▶ [Given information]
<<<<

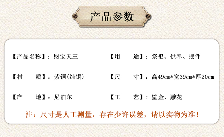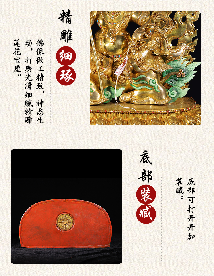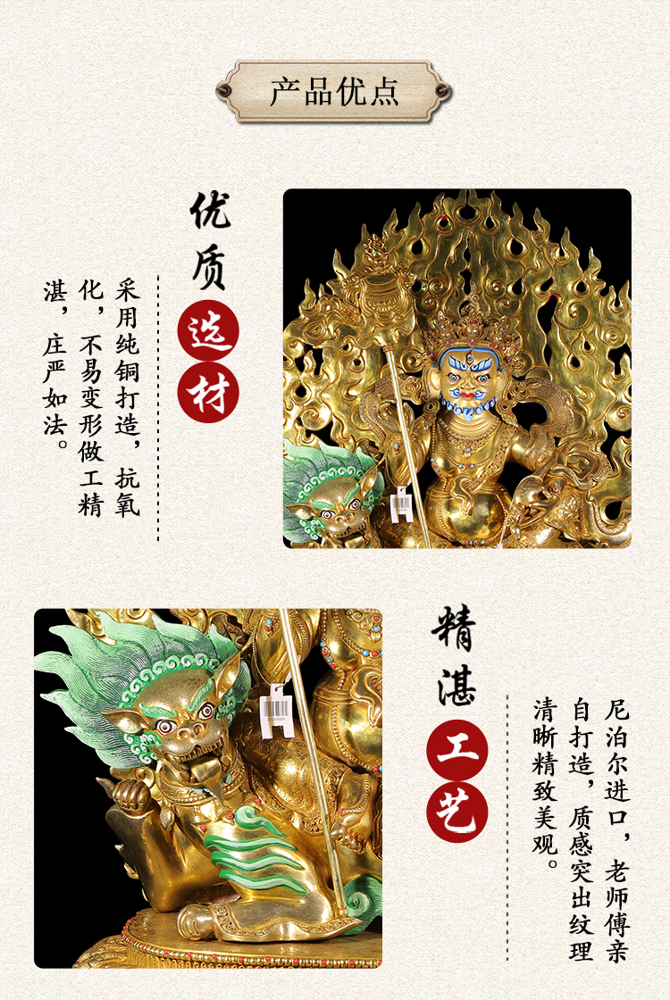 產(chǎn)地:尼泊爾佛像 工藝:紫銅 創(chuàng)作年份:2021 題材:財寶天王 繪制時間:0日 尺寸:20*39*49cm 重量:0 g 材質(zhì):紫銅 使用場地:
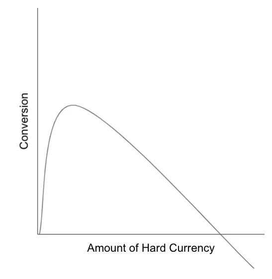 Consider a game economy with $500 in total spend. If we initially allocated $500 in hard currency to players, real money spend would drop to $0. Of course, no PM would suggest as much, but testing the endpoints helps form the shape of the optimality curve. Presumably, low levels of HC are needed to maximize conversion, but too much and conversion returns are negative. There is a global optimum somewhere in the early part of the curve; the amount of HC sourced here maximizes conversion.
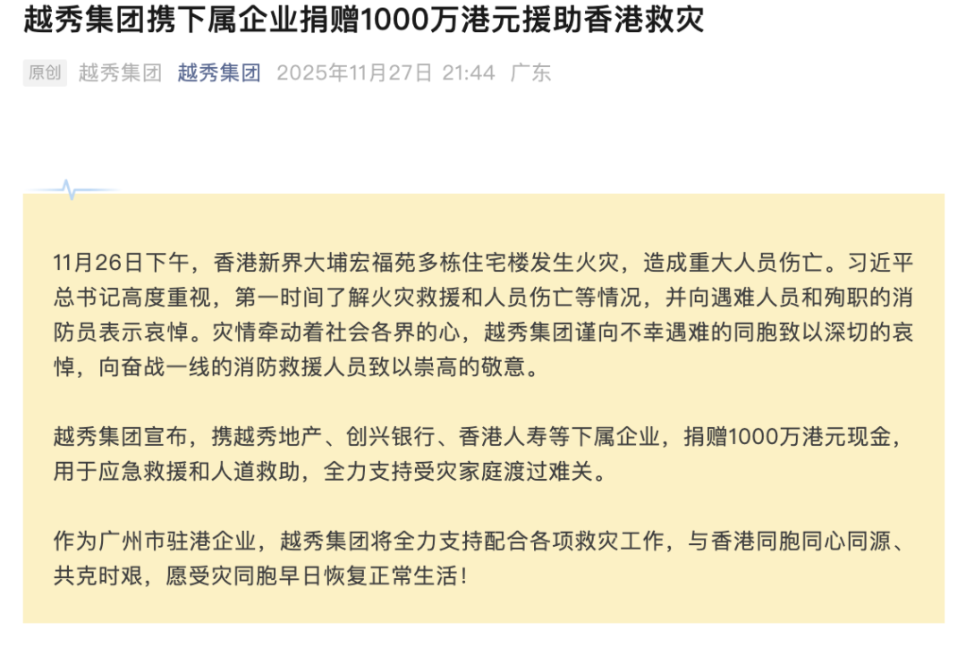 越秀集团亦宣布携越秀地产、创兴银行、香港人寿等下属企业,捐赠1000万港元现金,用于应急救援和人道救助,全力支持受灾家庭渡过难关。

>>>>

▶ [Exercise details] Give back the data exactly. Skip any images.

▶ [Exercise result]
 產(chǎn)地:尼泊爾佛像 工藝:紫銅 創(chuàng)作年份:2021 題材:財寶天王 繪制時間:0日 尺寸:20*39*49cm 重量:0 g 材質(zhì):紫銅 使用場地:
 Consider a game economy with $500 in total spend. If we initially allocated $500 in hard currency to players, real money spend would drop to $0. Of course, no PM would suggest as much, but testing the endpoints helps form the shape of the optimality curve. Presumably, low levels of HC are needed to maximize conversion, but too much and conversion returns are negative. There is a global optimum somewhere in the early part of the curve; the amount of HC sourced here maximizes conversion.
 越秀集团亦宣布携越秀地产、创兴银行、香港人寿等下属企业,捐赠1000万港元现金,用于应急救援和人道救助,全力支持受灾家庭渡过难关。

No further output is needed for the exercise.